Work to be completed
Among the lines below, output only those between the line holding "stainless steel chainmaille" and the line holding "- The product", inclusive, exactly as written and with no pictures.

Information provided
====

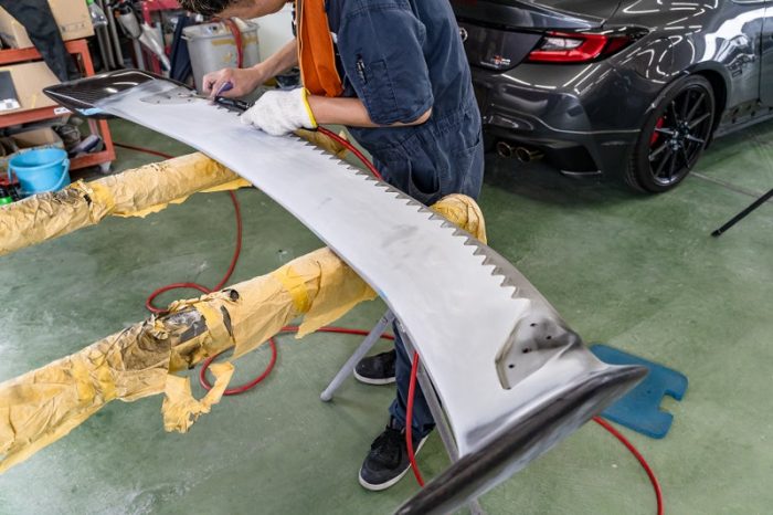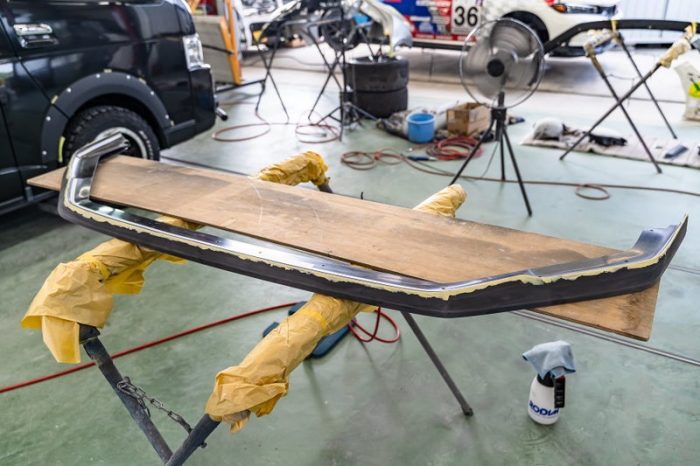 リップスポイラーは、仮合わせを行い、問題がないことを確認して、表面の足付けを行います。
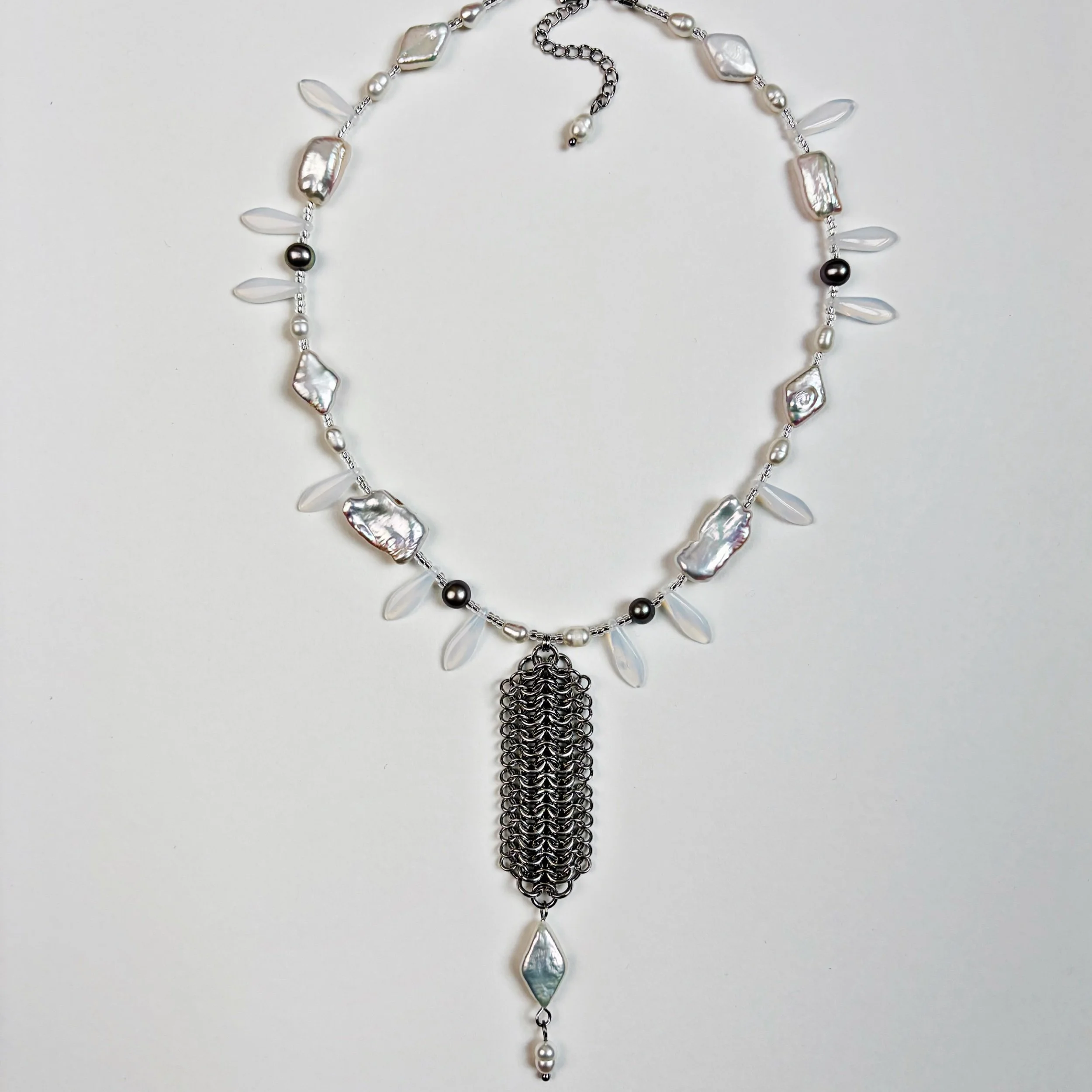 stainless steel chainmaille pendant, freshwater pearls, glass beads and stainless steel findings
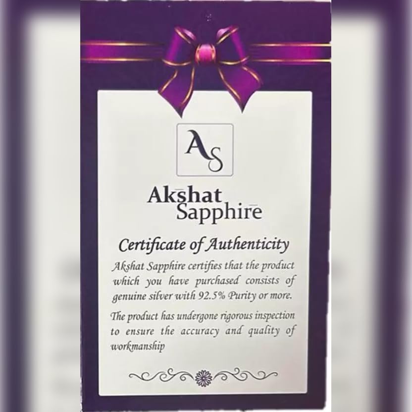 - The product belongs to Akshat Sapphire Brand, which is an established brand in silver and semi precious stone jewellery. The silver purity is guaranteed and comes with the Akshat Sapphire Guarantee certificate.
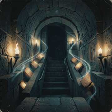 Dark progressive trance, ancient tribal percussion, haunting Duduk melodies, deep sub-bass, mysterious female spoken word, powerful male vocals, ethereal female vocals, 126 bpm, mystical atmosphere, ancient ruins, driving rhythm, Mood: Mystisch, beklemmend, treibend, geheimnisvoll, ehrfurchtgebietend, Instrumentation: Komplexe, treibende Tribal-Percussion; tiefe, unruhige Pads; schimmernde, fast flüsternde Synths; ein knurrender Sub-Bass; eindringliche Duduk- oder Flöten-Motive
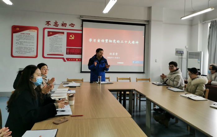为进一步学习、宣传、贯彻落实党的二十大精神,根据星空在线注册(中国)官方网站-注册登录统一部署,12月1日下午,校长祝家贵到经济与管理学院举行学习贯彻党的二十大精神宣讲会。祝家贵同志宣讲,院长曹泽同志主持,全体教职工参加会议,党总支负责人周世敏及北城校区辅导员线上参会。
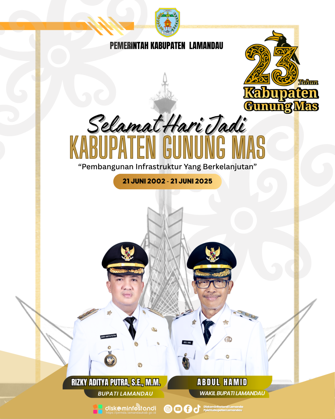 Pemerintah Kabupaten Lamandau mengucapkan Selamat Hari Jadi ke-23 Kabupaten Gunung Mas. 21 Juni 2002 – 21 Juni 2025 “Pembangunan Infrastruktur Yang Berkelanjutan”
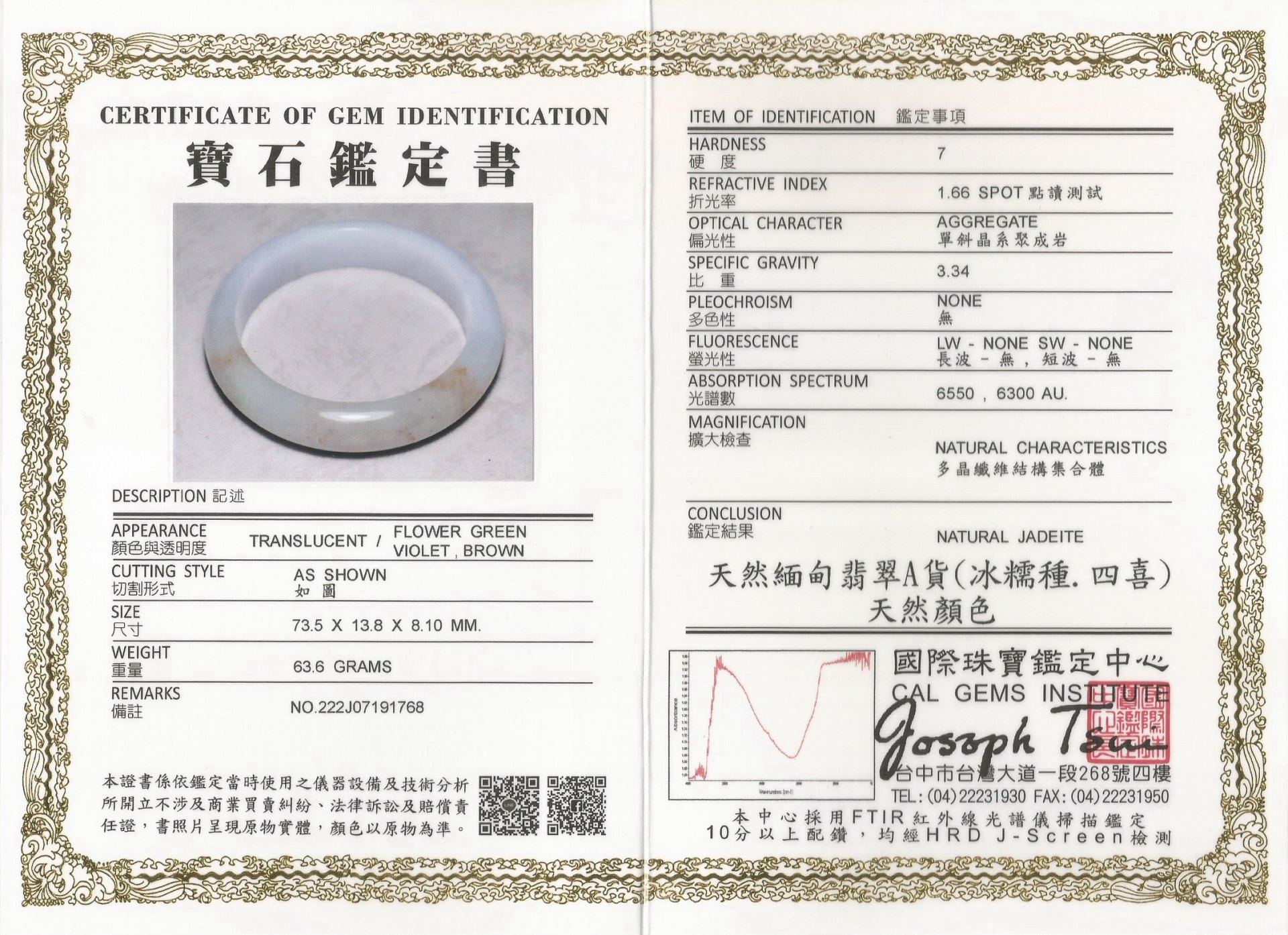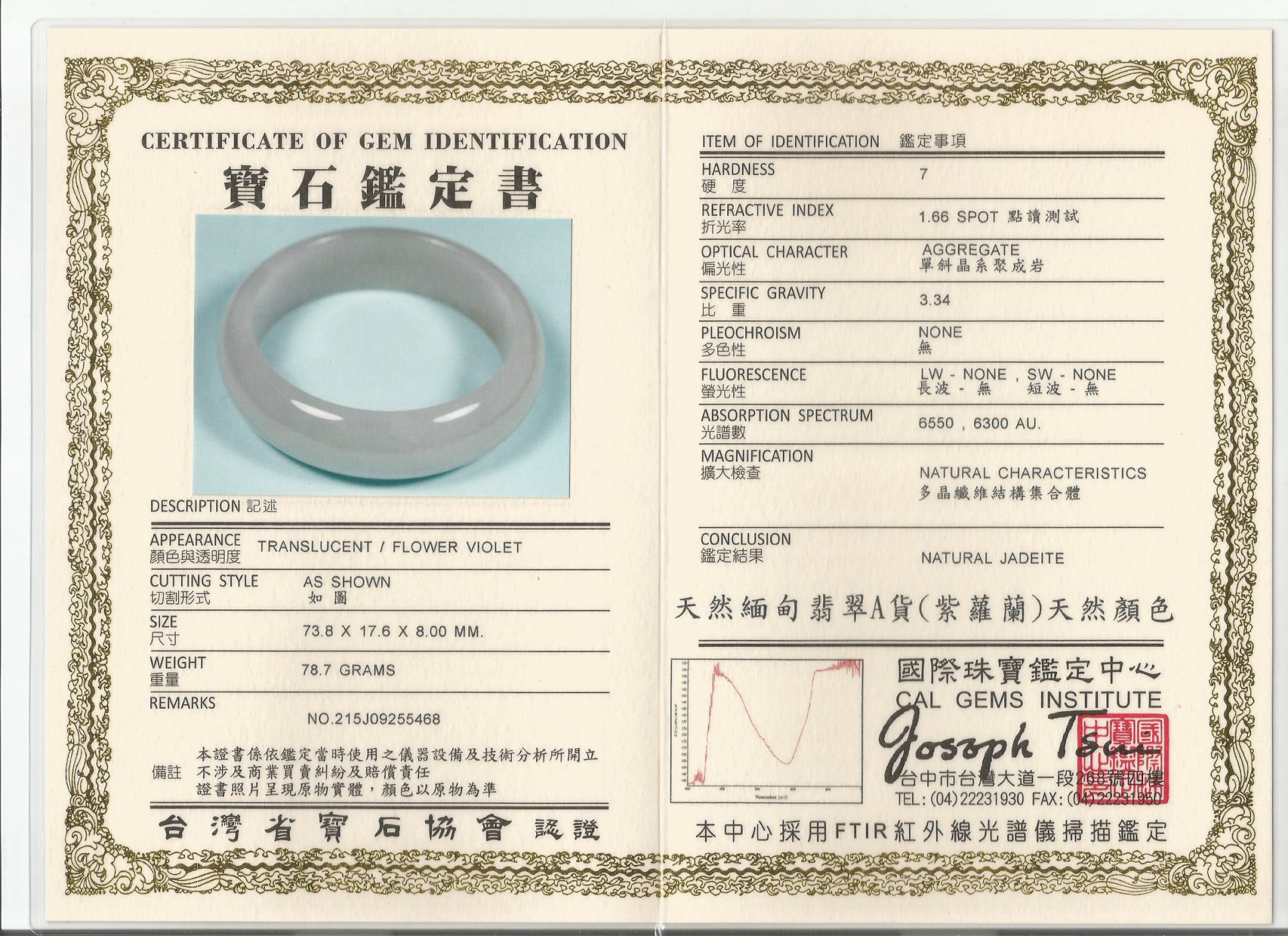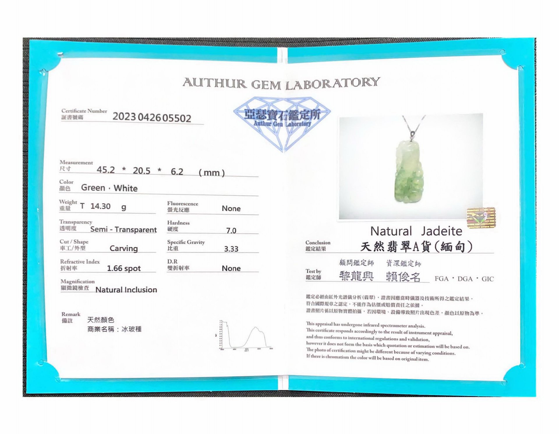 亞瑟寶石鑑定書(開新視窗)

====

Finished task
 stainless steel chainmaille pendant, freshwater pearls, glass beads and stainless steel findings
 - The product belongs to Akshat Sapphire Brand, which is an established brand in silver and semi precious stone jewellery. The silver purity is guaranteed and comes with the Akshat Sapphire Guarantee certificate.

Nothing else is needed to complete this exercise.